▶ _About this task_
Quote the entries below from the line with "These Navratna Kundan" through the line with "20:301ο Γυμνάσιο Κορωπίου-αύλειος χώρος : Παρουσίαση", both ends included, and only those lines.
Exercise input: Begin
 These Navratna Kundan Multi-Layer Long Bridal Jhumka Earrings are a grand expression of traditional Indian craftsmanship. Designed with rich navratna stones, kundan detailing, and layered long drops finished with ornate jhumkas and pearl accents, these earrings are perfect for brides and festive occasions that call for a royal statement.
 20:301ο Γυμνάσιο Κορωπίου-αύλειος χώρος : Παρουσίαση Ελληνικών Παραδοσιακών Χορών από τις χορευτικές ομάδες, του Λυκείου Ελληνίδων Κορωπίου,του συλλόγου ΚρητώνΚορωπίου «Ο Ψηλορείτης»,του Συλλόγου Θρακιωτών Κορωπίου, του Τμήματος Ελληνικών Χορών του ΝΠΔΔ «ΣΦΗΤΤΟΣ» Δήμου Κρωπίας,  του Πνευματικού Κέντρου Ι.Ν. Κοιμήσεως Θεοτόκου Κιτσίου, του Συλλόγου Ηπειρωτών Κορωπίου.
Exercise input: End
Exercise input: Begin
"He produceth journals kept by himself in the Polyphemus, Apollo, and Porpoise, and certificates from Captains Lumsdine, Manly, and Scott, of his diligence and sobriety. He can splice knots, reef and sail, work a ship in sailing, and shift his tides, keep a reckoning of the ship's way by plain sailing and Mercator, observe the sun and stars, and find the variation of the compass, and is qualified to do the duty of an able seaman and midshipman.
Exercise input: End
▶ _Exercise response_
 These Navratna Kundan Multi-Layer Long Bridal Jhumka Earrings are a grand expression of traditional Indian craftsmanship. Designed with rich navratna stones, kundan detailing, and layered long drops finished with ornate jhumkas and pearl accents, these earrings are perfect for brides and festive occasions that call for a royal statement.
 20:301ο Γυμνάσιο Κορωπίου-αύλειος χώρος : Παρουσίαση Ελληνικών Παραδοσιακών Χορών από τις χορευτικές ομάδες, του Λυκείου Ελληνίδων Κορωπίου,του συλλόγου ΚρητώνΚορωπίου «Ο Ψηλορείτης»,του Συλλόγου Θρακιωτών Κορωπίου, του Τμήματος Ελληνικών Χορών του ΝΠΔΔ «ΣΦΗΤΤΟΣ» Δήμου Κρωπίας,  του Πνευματικού Κέντρου Ι.Ν. Κοιμήσεως Θεοτόκου Κιτσίου, του Συλλόγου Ηπειρωτών Κορωπίου.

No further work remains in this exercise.